The Polarization Defect of Wiskott-Aldrich Syndrome Macrophages Is Linked to Dislocalization of the Arp2/3 Complex

Stefan Linder, Henry Higgs, Katharina Hüfner, Klaus Schwarz, Ulrich Pannicke and Martin Aepfelbacher
J Immunol July 1, 2000, 165 (1) 221-225; DOI: https://doi.org/10.4049/jimmunol.165.1.221

Abstract

Wiskott-Aldrich syndrome (WAS) is an X-linked recessive disorder originally characterized by the clinical triad eczema, thrombocytopenia, and severe immunodeficieny, with recurrent bacterial and viral infections, indicating a profound immune cell defect. Such altered immune cells include monocytes, macrophages, and dendritic cells, which were reported to display disturbed cell polarization or chemotaxis. WAS is caused by mutations in the WAS protein (WASp), which is thought to organize the actin cytoskeleton through the Arp2/3 complex. Here we show that the Arp2/3 complex is an integral part of podosomes, actin-rich adhesion structures of macrophages, and that WAS macrophages fail to organize the Arp2/3 complex into podosomes. We also demonstrate that microinjection of a C-terminal acidic stretch of WASp into normal macrophages displaces Arp2/3 from podosomes and, in combination with chemoattractant stimulation of cells, induces a phenotype resembling the polarization-defective phenotype of stimulated WAS macrophages. These findings point to an important role of the Arp2/3 complex in polarization and migration of immune cells.

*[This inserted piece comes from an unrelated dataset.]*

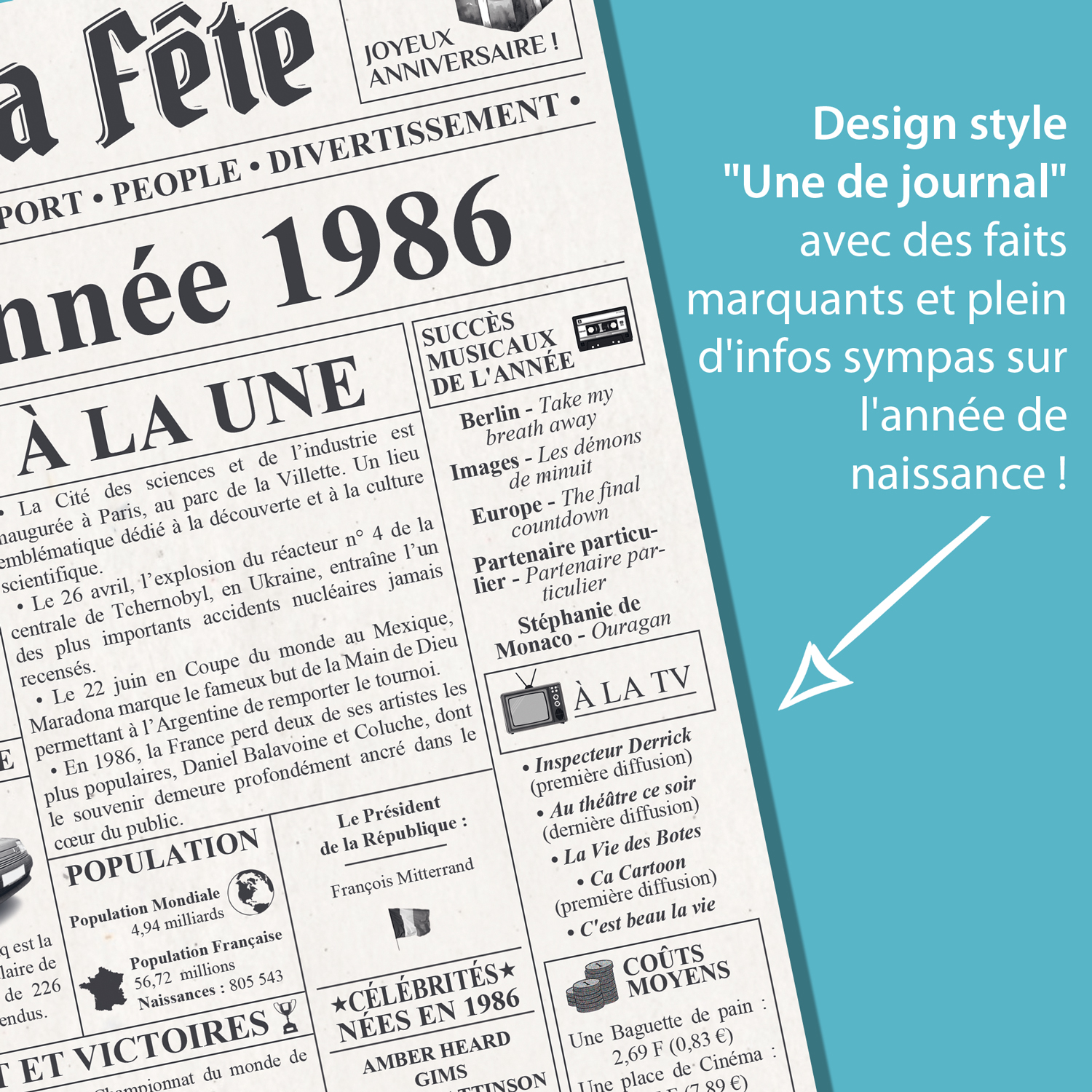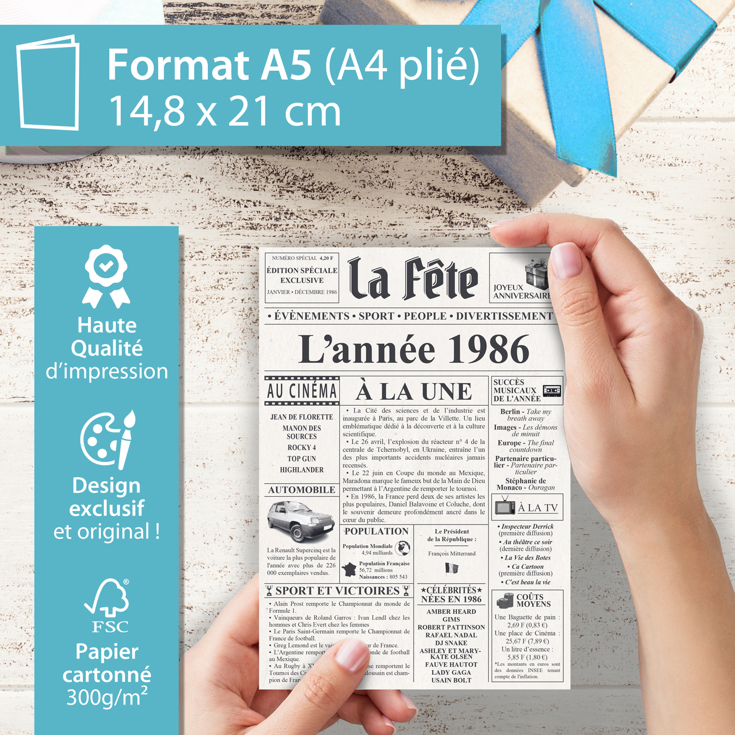 - Design Unique et Original : Notre carte d’anniversaire se distingue par son design sympa qui rappelle la première page d’un journal. Elle présente diverses informations captivantes de l’année de naissance du destinataire, tels que des faits marquants, les films populaires au cinéma, les succès musicaux, les victoires sportives, et les émissions télévisées incontournables de cette année-là.

Wiskott-Aldrich syndrome (WAS)4 patients suffer among other symptoms from severe immunodeficiency (1). Bacterial and viral infections are frequent (2) and constitute significant morbidity with a high incidence of recurrent diesease (3).

The protein mutated in WAS, Wiskott-Aldrich Syndrome protein (WASp) (4), is expressed exclusively in hematopoietic cells but has also more widely expressed homologues like N-WASp (5) or Scar/WAVE (6). WASp features several functional domains, allowing the molecule to interact with a variety of cellular factors. Besides other functional motifs, WASp contains a binding site for the Rho-GTPase CDC42Hs (7, 8, 9), actin regulatory domains (9), and a short C-terminal stretch of acidic residues (4), which constitutes a binding site for the actin-nucleating Arp2/3 complex (10). This interaction of WASp family proteins with the Arp2/3 complex, especially in the case of N-WASp, has emerged as a link between CDC42 signaling and actin assembly (11).

WAS neutrophils (12), dendritic cells (13), and primary macrophages (14, 15) have been shown to have defects in cell motility, with the dysfunction lying in chemotaxis (because the cells fail to orient themselves correctly) but not in chemokinesis (as the speed of moving cells is unimpaired) (6, 14, 15). The chemotaxis defect thereby seems to stem from the inability of WAS immune cells to answer to stimuli such as chemoattractants with correct polarization of the cell body (14, 15).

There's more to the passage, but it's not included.